** WHAT YOU WILL DO **
Only one stretch of the data below is wanted: the lines from the one with "Дар доираи чорабинӣ" through the one with "Wer vom Schmökern", repeated exactly.

** RECORDS SUPPLIED **
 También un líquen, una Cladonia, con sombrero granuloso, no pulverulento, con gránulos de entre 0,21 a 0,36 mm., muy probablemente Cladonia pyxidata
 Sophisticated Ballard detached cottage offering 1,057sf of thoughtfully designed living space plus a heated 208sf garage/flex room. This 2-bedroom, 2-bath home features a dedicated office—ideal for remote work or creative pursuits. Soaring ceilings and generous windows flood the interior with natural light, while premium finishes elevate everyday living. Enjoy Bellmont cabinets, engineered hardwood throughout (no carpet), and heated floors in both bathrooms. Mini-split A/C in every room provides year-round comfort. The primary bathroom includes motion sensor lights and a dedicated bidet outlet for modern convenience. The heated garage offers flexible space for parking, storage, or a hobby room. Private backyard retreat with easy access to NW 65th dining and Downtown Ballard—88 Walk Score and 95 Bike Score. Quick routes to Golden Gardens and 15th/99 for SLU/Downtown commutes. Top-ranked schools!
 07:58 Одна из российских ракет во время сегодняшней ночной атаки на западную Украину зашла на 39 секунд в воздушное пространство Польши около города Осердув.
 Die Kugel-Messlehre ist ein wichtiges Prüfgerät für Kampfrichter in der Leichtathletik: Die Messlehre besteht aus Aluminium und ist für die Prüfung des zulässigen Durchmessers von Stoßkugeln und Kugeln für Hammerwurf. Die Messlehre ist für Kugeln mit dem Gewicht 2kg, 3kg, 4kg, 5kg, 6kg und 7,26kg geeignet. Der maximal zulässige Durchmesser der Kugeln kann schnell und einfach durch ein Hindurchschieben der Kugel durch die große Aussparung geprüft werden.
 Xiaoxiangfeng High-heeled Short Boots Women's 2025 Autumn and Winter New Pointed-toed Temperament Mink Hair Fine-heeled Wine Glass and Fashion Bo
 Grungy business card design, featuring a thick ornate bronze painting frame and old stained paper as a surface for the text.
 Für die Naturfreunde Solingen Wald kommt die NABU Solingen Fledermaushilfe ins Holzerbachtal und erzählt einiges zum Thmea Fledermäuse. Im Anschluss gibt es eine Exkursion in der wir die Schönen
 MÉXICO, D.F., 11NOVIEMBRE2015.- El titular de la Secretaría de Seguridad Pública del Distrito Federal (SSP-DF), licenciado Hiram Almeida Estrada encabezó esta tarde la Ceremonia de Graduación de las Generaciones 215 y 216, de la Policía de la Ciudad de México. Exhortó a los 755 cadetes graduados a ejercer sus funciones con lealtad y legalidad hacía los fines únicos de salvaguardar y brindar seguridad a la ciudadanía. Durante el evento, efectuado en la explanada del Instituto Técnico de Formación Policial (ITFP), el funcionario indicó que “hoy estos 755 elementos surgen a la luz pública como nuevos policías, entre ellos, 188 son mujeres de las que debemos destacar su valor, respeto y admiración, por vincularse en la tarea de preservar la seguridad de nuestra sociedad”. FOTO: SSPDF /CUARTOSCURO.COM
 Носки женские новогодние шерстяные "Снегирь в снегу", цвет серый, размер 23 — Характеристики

--

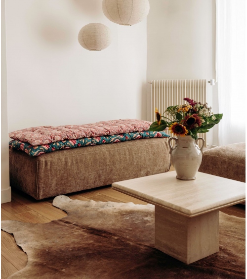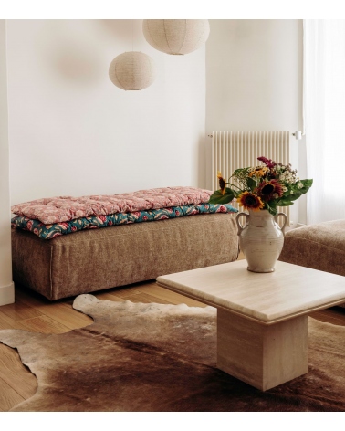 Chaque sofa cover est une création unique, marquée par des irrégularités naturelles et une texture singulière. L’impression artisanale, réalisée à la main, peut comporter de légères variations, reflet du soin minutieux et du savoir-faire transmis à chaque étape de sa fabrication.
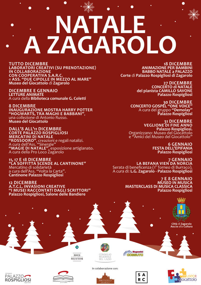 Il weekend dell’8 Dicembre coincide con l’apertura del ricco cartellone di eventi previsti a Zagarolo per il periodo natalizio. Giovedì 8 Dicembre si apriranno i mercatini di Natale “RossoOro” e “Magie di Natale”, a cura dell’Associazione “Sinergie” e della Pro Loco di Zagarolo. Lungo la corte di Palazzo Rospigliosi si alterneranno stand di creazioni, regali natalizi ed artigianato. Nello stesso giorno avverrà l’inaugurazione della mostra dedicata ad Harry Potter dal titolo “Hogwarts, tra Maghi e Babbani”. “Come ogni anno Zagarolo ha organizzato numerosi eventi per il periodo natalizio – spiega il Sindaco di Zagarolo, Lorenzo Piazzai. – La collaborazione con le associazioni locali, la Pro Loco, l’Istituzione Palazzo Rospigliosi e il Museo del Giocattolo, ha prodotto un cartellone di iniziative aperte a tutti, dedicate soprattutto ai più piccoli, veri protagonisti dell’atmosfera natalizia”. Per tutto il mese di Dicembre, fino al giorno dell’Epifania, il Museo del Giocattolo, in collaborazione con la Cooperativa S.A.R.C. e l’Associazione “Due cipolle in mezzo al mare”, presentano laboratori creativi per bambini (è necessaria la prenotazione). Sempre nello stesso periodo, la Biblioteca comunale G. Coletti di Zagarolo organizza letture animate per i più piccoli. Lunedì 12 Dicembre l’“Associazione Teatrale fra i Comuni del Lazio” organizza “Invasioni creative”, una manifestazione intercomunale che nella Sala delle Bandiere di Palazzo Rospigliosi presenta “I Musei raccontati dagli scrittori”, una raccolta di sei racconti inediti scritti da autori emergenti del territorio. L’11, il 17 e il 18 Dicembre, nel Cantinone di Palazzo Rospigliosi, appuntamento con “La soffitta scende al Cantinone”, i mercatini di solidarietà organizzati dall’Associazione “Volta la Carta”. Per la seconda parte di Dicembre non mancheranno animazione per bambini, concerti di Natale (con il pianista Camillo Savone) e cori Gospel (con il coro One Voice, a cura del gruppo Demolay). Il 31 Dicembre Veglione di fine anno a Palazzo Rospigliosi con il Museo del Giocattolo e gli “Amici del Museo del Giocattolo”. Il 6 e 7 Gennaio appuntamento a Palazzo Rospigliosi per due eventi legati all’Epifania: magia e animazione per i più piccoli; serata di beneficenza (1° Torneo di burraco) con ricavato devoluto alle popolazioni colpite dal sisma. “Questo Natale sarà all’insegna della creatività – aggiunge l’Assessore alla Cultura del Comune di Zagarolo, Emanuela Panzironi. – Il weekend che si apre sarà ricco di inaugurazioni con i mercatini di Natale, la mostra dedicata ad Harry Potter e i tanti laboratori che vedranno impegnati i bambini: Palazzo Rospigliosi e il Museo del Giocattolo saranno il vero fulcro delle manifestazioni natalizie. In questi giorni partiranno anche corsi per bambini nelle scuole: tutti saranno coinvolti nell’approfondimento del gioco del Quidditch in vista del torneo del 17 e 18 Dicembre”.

--

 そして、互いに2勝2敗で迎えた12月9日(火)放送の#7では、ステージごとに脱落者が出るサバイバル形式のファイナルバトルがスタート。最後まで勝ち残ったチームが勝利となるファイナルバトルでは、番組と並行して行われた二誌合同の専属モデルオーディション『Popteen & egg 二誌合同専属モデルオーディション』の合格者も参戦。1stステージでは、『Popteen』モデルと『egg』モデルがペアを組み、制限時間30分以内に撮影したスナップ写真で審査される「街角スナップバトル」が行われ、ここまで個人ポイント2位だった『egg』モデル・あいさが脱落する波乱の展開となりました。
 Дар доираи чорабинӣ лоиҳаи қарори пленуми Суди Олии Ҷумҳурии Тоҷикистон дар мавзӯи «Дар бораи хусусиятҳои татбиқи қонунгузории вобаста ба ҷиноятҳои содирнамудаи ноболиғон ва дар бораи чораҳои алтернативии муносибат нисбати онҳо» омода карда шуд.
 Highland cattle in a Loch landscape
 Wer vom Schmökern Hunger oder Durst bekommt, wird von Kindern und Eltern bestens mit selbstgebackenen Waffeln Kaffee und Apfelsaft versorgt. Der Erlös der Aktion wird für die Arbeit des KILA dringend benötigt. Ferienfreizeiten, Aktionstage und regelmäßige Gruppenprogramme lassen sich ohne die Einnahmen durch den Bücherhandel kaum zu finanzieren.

** TASK SOLUTION **
 Дар доираи чорабинӣ лоиҳаи қарори пленуми Суди Олии Ҷумҳурии Тоҷикистон дар мавзӯи «Дар бораи хусусиятҳои татбиқи қонунгузории вобаста ба ҷиноятҳои содирнамудаи ноболиғон ва дар бораи чораҳои алтернативии муносибат нисбати онҳо» омода карда шуд.
 Highland cattle in a Loch landscape
 Wer vom Schmökern Hunger oder Durst bekommt, wird von Kindern und Eltern bestens mit selbstgebackenen Waffeln Kaffee und Apfelsaft versorgt. Der Erlös der Aktion wird für die Arbeit des KILA dringend benötigt. Ferienfreizeiten, Aktionstage und regelmäßige Gruppenprogramme lassen sich ohne die Einnahmen durch den Bücherhandel kaum zu finanzieren.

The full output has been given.